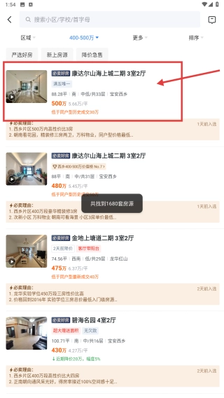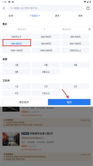 在总价区间中选定400万到500万的范围,点击确认按钮,以此来应用筛选条件。
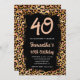 Rose Gold Leopard Painted Black 40th Birthday Invitation
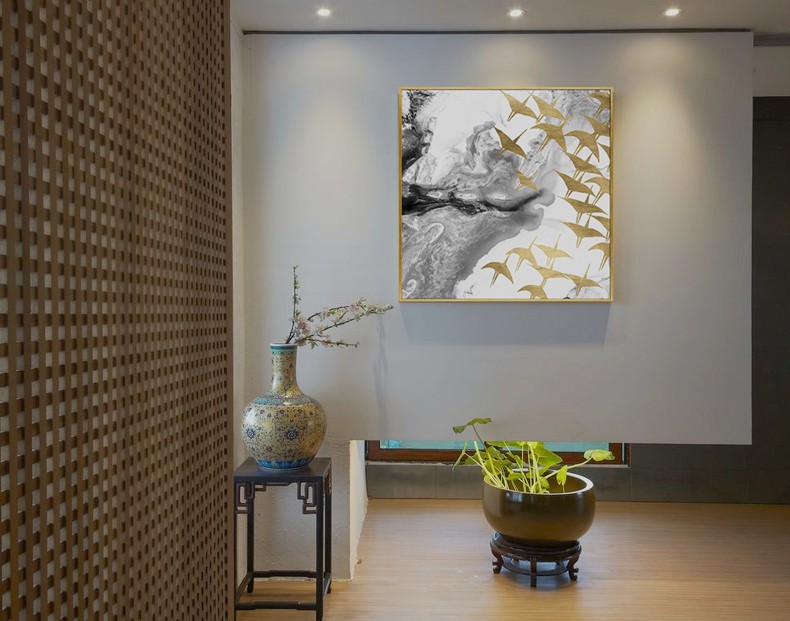 輕奢客廳臥室餐廳走廊玄關(guān)掛畫晶瓷畫 純手繪油畫 燕歸巢
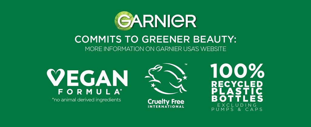 - Garnier is committed to Greener Beauty - our bottles excluding pumps and caps are made of 95% Recycled Plastic
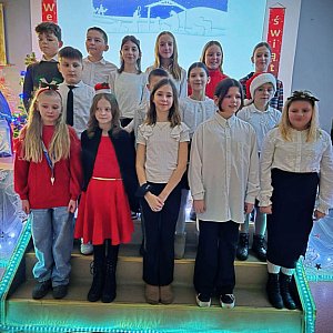 Uroczystość wzbogaciły także występy uczniów klas młodszych oraz najmłodszych, które wprowadziły świąteczny klimat. Całość dopełniło wspólne kolędowanie, podkreślające integrację i zaangażowanie szkolnej społeczności.

——

Task statement: Output only these lines, word for word: the line containing "Rose Gold Leopard" and every line after it through the last line of the data. Omit the pictures.

Written response:
 Rose Gold Leopard Painted Black 40th Birthday Invitation
 輕奢客廳臥室餐廳走廊玄關(guān)掛畫晶瓷畫 純手繪油畫 燕歸巢
 - Garnier is committed to Greener Beauty - our bottles excluding pumps and caps are made of 95% Recycled Plastic
 Uroczystość wzbogaciły także występy uczniów klas młodszych oraz najmłodszych, które wprowadziły świąteczny klimat. Całość dopełniło wspólne kolędowanie, podkreślające integrację i zaangażowanie szkolnej społeczności.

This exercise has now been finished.